***** PROVIDED DATA *****
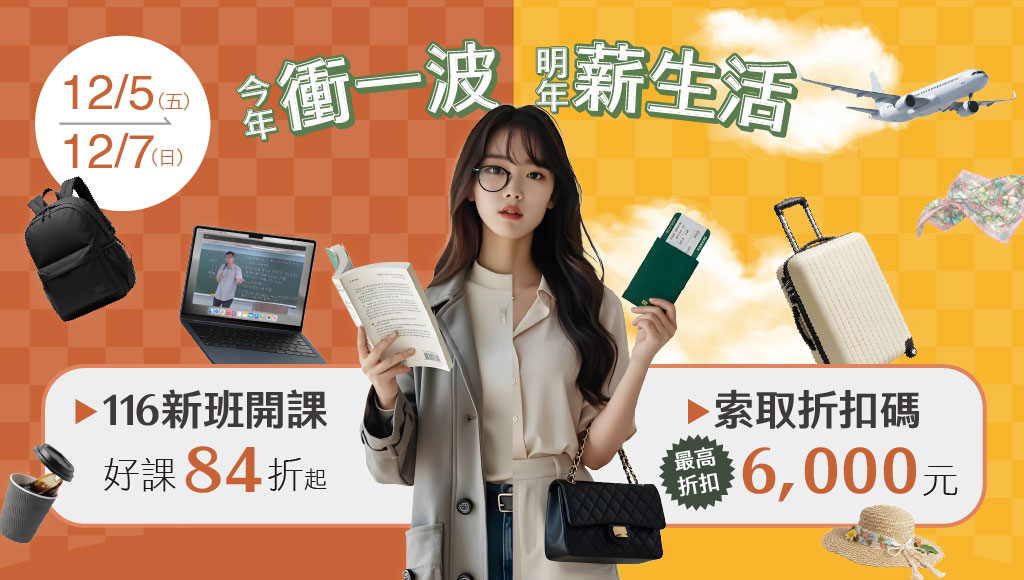 12/10前憑【114司法/調查局/海巡特考-二試成績單】報名正規全套課程,再折3,000元。 12/9~31憑【114中油、台菸酒-准考證&114台船筆試放榜成績單】報名正規全套課程,再折3,000元。 |
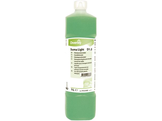 Handdisk Light D1.2 1L - pH-värde: 6 (koncentrat) - Lätt parfymerad - Dosering: Dosera 1 ml av Suma Light D1.2 per liter varmt vatten. För svårt nedsmutsat diskgods, kan en högre dosering vara nödvändig. Faktisk dosering är beroende av lokala förhållanden (vattenhårdhet, smutsighetsgrad samt metodik) - Utseende: Grön vätska
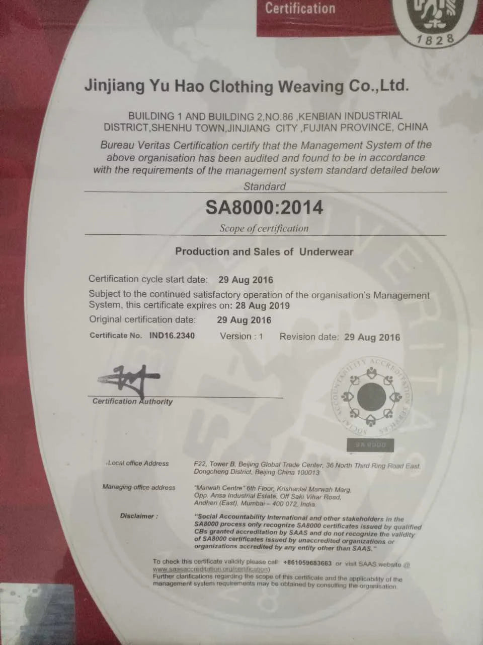 BSCI, SA800, Oak-Tex 100 Certificate, Sedex Audit
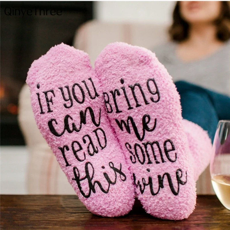 Dispensing Wine Printed Terry Cake Socks Girls Coral Fleece Women Thicken Warm Winter Soft Floor Non-Slip Socks Christmas Gift  Read more
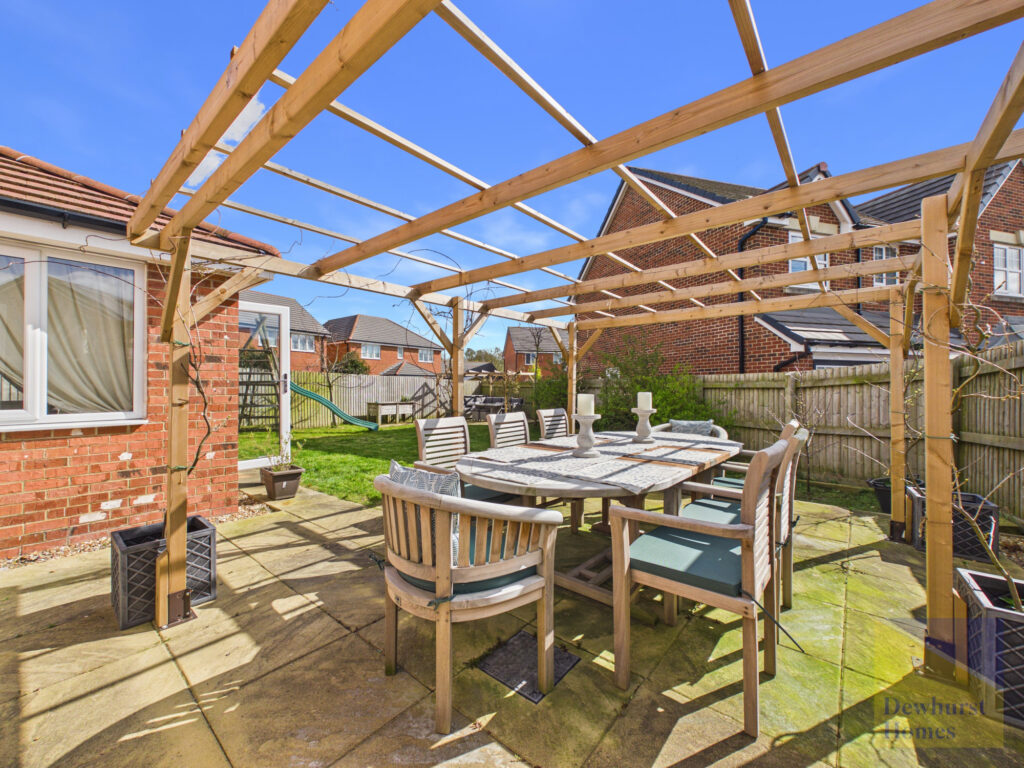 Externally, the property continues to impress. The south-facing rear garden is a standout feature — designed to make the most of its sunny aspect. With two separate patio areas, both enhanced by pergolas, the space is perfectly suited for outdoor dining, entertaining, or simply unwinding in a private and peaceful setting. The garden also offers plenty of room for children to play or for keen gardeners to personalise.
*****
**WHAT TO DO**
Return only the line with "BSCI, SA800, Oak-Tex" and the lines after it up to the end of the records, exact and free of pictures.

**THE COMPLETED TASK**
 BSCI, SA800, Oak-Tex 100 Certificate, Sedex Audit
 Dispensing Wine Printed Terry Cake Socks Girls Coral Fleece Women Thicken Warm Winter Soft Floor Non-Slip Socks Christmas Gift  Read more
 Externally, the property continues to impress. The south-facing rear garden is a standout feature — designed to make the most of its sunny aspect. With two separate patio areas, both enhanced by pergolas, the space is perfectly suited for outdoor dining, entertaining, or simply unwinding in a private and peaceful setting. The garden also offers plenty of room for children to play or for keen gardeners to personalise.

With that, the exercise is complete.